New treatments for genotype 1 chronic hepatitis C – focus on simeprevir
Tatsuo Kanda, Shingo Nakamoto, Shuang Wu, Osamu Yokosuka
Department of Gastroenterology and Nephrology, Graduate School of Medicine, Chiba University, Chiba, Japan
Abstract: Chronic hepatitis C virus (HCV) infection causes end-stage liver diseases and hepatocellular carcinoma. In the USA, Canada, and Japan, simeprevir – one of the second-generation HCV NS3/4A protease inhibitors – in combination with peginterferon α-2a or 2b plus ribavirin has recently been approved for HCV genotype 1-infected patients and is now used in daily clinical practice. This review summarizes the mechanism of action of simeprevir and the results of clinical trials of simeprevir and peginterferon plus ribavirin for HCV genotype 1 patients. In general, the simeprevir and peginterferon plus ribavirin treatment is highly effective and its adverse events are similar to those of peginterferon plus ribavirin only, the exception being milder, reversible jaundice. In the near future, the development of interferon-free regimens with simeprevir is expected. Careful attention should be paid to new results of clinical trials with simeprevir.
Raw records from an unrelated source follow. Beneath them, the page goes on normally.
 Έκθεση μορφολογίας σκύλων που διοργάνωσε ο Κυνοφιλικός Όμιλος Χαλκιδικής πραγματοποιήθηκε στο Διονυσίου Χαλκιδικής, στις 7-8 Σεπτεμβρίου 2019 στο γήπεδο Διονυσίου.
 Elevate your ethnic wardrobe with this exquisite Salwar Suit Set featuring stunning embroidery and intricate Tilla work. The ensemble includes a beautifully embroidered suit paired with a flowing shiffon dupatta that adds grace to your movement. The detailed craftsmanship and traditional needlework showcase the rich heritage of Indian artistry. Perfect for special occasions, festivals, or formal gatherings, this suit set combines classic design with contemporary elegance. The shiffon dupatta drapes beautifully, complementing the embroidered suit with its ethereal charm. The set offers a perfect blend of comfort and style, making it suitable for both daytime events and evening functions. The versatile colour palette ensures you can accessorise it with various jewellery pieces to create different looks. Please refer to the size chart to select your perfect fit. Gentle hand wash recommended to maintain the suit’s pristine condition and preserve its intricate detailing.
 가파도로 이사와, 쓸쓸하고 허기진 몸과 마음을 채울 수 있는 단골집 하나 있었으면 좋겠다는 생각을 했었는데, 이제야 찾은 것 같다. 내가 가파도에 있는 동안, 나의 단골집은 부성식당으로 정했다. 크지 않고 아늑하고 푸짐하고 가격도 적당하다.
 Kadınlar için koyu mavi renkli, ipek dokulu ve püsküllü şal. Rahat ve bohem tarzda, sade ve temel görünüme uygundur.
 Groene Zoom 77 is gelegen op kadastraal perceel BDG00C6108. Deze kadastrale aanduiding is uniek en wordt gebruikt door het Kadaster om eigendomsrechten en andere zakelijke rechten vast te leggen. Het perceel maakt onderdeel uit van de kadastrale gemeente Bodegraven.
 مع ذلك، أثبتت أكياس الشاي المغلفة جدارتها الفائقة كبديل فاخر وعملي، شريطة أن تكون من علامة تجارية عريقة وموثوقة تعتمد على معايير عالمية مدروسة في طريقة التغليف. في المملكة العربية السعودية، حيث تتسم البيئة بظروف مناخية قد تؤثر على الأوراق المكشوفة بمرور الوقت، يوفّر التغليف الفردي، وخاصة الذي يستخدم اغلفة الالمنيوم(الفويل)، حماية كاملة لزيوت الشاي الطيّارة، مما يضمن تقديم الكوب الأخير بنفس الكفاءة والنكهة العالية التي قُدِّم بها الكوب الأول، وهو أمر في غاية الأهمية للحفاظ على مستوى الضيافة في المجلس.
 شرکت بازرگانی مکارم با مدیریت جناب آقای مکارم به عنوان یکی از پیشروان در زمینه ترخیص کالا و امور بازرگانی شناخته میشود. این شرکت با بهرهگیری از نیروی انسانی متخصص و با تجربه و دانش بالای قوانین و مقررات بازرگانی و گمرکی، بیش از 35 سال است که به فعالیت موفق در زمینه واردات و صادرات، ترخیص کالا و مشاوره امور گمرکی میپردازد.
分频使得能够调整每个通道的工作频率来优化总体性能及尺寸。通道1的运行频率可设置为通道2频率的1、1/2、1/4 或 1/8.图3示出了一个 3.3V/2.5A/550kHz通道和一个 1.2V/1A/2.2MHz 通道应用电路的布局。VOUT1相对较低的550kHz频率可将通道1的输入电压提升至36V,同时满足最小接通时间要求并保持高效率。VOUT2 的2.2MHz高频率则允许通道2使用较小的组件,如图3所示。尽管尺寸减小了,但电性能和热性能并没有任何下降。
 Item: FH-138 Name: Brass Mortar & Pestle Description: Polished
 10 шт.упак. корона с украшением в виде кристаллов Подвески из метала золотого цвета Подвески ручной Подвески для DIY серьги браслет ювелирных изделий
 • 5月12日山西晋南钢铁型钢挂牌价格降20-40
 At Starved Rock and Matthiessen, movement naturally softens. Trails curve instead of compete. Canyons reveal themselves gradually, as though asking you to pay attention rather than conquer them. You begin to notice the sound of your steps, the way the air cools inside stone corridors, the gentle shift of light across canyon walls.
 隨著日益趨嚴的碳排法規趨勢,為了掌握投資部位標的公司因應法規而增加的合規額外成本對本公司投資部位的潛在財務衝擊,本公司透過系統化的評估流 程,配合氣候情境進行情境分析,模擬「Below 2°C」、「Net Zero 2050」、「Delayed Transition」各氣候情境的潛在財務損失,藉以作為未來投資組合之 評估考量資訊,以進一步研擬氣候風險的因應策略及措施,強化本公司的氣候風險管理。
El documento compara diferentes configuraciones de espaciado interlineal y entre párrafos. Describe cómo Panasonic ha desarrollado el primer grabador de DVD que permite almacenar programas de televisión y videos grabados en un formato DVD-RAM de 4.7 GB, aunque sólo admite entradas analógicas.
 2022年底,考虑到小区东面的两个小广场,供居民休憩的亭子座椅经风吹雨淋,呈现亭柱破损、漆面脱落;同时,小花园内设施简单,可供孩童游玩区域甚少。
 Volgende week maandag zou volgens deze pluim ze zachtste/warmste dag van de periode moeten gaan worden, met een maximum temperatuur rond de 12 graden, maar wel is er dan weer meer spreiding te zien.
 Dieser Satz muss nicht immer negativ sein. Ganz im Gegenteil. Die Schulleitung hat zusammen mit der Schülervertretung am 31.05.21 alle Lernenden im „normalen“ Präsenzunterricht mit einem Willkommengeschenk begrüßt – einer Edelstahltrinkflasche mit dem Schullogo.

Keywords: hepatitis C virus, HCV NS3/4A protease inhibitor, hepatocellular carcinoma, TMC435
Hepatitis C virus (HCV) is one of the major causes of chronic liver disease, hepatocellular carcinoma, and end-stage liver diseases in the USA, European countries, and Japan.1–3 In untreated patients with HCV, the steady progression of hepatic fibrosis is observed in many cases.4 Several studies indicated that once patients develop cirrhosis, hepatocellular carcinoma develops at approximately 1%–7% per year, and the rate is increasing.5,6 This clearly highlights the importance of HCV treatment.
HCV is a single-stranded RNA virus approximately 9.6 kb in length, and is of the Hepacivirus genus belonging to the Flaviviridae family.7 The HCV genome encodes at least ten proteins: four structural (core, E1, E2, and p7) and six non-structural proteins (NS2, NS3, NS4A, NS4B, NS5A, and NS5B). Among them, HCV NS2 and NS3 are cysteine protease and serine protease, respectively. HCV genomes are translated into an open reading frame of approximately 3,011 amino acids in length. Then, viral and cellular proteases chop this protein into structural and non-structural proteins, which are important for HCV assembly and replication.7
Peginterferon plus ribavirin treatment leads to only 40%–50% sustained virologic response (SVR) in HCV genotype 1-infected patients but approximately 80% SVR in HCV genotype 2-infected patients.7 In 2011, boceprevir or telaprevir – both first-generation HCV NS3/4A protease inhibitors – in combination with peginterferon plus ribavirin became available for HCV genotype 1-infected patients.8 However, the treatment with HCV NS3/4A protease inhibitors is often associated with serious adverse events, despite achieving 70%–80% SVR in these patients.8–10
In the USA, Canada, and Japan, simeprevir – one of the second-generation HCV NS3/4A protease inhibitors – in combination with peginterferon plus ribavirin has recently been approved for HCV genotype 1-infected patients. This review focuses on and discusses simeprevir-including treatment for HCV genotype 1 infection.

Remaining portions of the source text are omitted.